Enrique de Saavedra, Duque de Rivas, pariente político
de Valera e hijo del autor del “Moro Expósito”
y del “don Alvaro”, asistía pocas veces a las tertulias de Valera, y casi nunca
a las juntas de la Academia Española, a la que pertenece desde 1863, en la vacante que dejó Agustín
Durán. Disfrutando de salud delicada, pero muy poco puede ocuparse en su labor
literaria. Escribió novelas muy morales en correcta prosa, así como versos
líricos. “Es todavía un romántico fiel a la bandera que enarbolara su egregio
padre, bandera que tantos desertores ha tenido”.
En el trato personal es tan franco y afectuoso como su
hermano político Leopoldo Augusto de Cueto, marqués de Valmar, también
académico desde 1857 en la vacante que dejó el laureado Quintana. “Hoy, después
de Pezuela y Guerra y Orbe (fallecido recientemente. Para ocupar la vacante que
deja, ha sido electo don Eugenio Selles,
el poeta del “Nudo Gordiano”), es don
Leopoldo el más antiguo de la docta corporación”.
El marqués de Vaslmar, estaba inhabilitado de una
fatal dolencia, que le impide salir de casa. Pasa sus horas leyendo o consagrado a trabajos que “como sus
juicios críticos sobre los líricos del siglo XVIII, reclaman erudición y
paciencia de benedictino”.
El autor de las Tradiciones Peruanas, quería conocerlo
y le escribió una esquela pidiéndole hora en que fuese posible recibir “mi
visita”, en su casa de la calle de Cervantes. Su respuesta no se hizo esperar y
le envió una carta, donde le dice: “agradezco a usted que me proporcione la satisfacción
de conocerlo personalmente, ya que lo conocía
y estimaba por sus obras”…”Con especial complacencia recibiré a usted el día que guste a las tres
de la tarde”.
Leopoldo Augusto de Cueto, a pesar de su enfermedad,
es un viejo muy bien conservado y que apenas
representa sesenta años. Trabaja en su despacho, cuatro o cinco horas
diarias, en una obra que le ha encomendado
la Academia “ y que, según me dijo en la primera visita, que le hice ,
estaba ya en vía de concluir. Don Leopoldo es el único académico que goza la
prerrogativa de ser considerado como
presente en las sesiones”.
El marqués de Valmar, como literato, vale por su
erudición, su aquilatado gusto y su forma netamente clásica.
Salvador Rueda,
era otro de los invitados a la tertulia,
pero no concurria. Rubén Darío “lo llevo una tarde y quede encantado de su trato”.
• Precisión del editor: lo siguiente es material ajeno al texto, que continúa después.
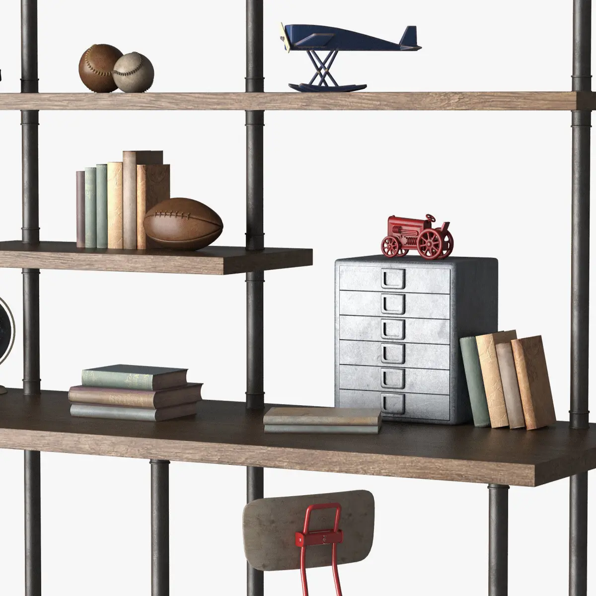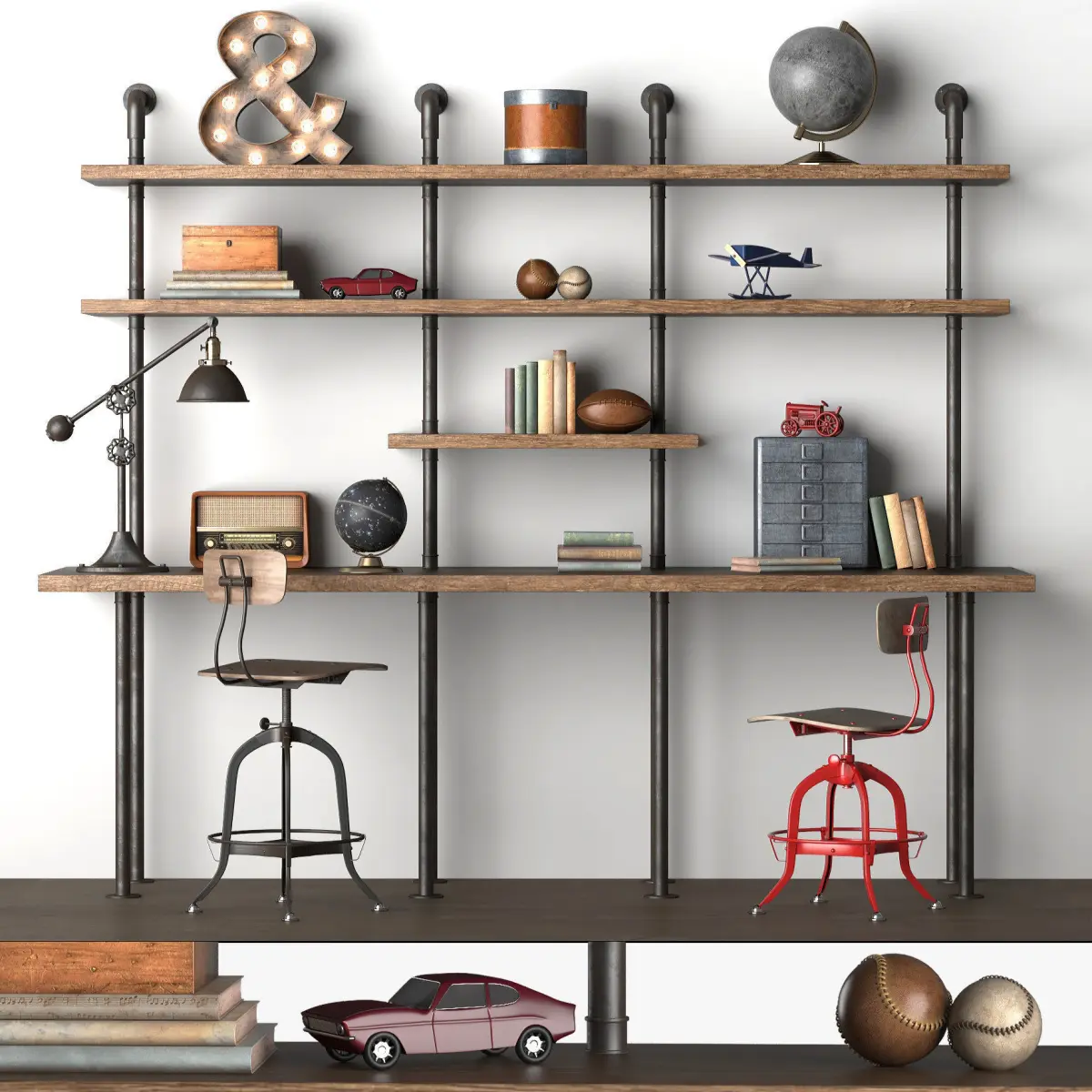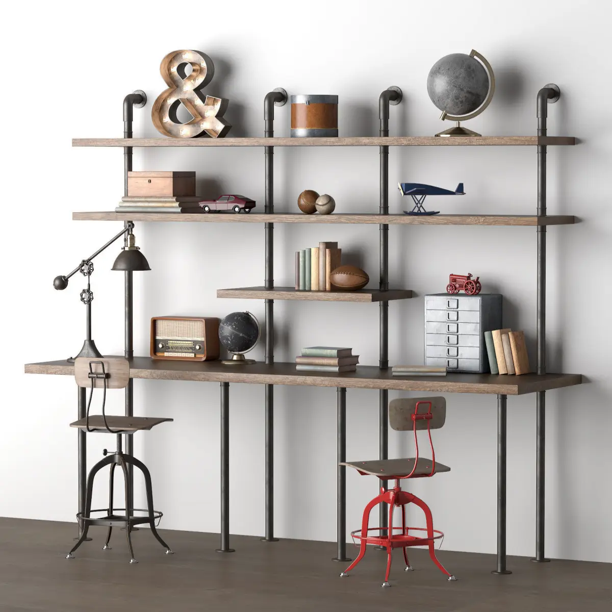 Name: INDUSTRIAL PIPE DOUBLE DESK WITH SHELVINGhttps://www.rhbabyandchild.com/catalog/product/product.jsp?productId=rhbc_prod405203&categoryId=rhbc_cat377425Version: 2013Preview: YesUnits: MillimetersDimension: 2439.87 x 1075.17 x 2222.61Polys: 470,757XForm: YesBox Trick: YesModel Parts: 40Render: V-Ray, CoronaFormats: 3Ds Max 2013, FBX, 3DSATTENTION!Who works in the V-Ray version is lower than 3.1; be careful, in some materials in the BRDF section there is a Microfaset GTR (GGX), if your version is older than 3.1, thenBRDF field will be blank. Choose Blinn, Phong or Ward - which is preferable to you.

Salvador Rueda, un joven andaluz, pequeños, de ojos vivaces, bigotillo negro,
elegante y simpático. Su aspecto personal, la cultura de sus modales y sus
dotes de poeta colorista deben cautivarlo muchas voluntades entre las
desterradas del Paraíso. Siempre tiene en los labios y en la pluma una fina
galantería para toda belleza, no paga gran tributo a devaneos amorosos. La literatura es la
pasión que absorbe todas las energías de
su espíritu. Escribe prosa poética, y muy inspirada; y cuando se echa a
versificar, es portentosa la riqueza rítmica
de su musa. No es por la forma, un poeta
español, sino un parnasiano francés (eso que no lo habla ni lo traduce) sde los
que hacen filigrana con el oro de la palabra. “En cuestión de escuela
literaria, no entro ni salgo”.
Si todos los jóvenes de la nueva escuela se llamaran Salvador Rueda, Rubén Darío, Manuel Gutiérrez
Nájera o Julián del Casal, “sin duda que
rompería un par de guantes aplaudiéndolos”.
Lo que en ellos es genial, propio, característico “se me hace insoportable en el cardumen de sus imitadores que en
América han surgido y a los que hay que espantar”.
En Juan Varela se encuentran todas las condiciones
precisas para ser, en España, algo así como un Mecenas de los literatos. Sobre
lo fino y contemporizador de su trato, cualidades no sé si geniales
adquiridas en su ya larga carrera de
diplomático, hay que agregar el efecto respetuoso a la vez que íntimo, que sabe
inspirar a cuantos con él cultivan
relaciones. En la boca de Varela hay un mohín risueño, no se puede saber si es inofensivo o encarna algo de burla. Este
mohín sabe trasladarlo, a veces, a los puntos de su pluma, tanto que en muchas
de sus críticas , queda el lector en duda sobre la sinceridad del encomio.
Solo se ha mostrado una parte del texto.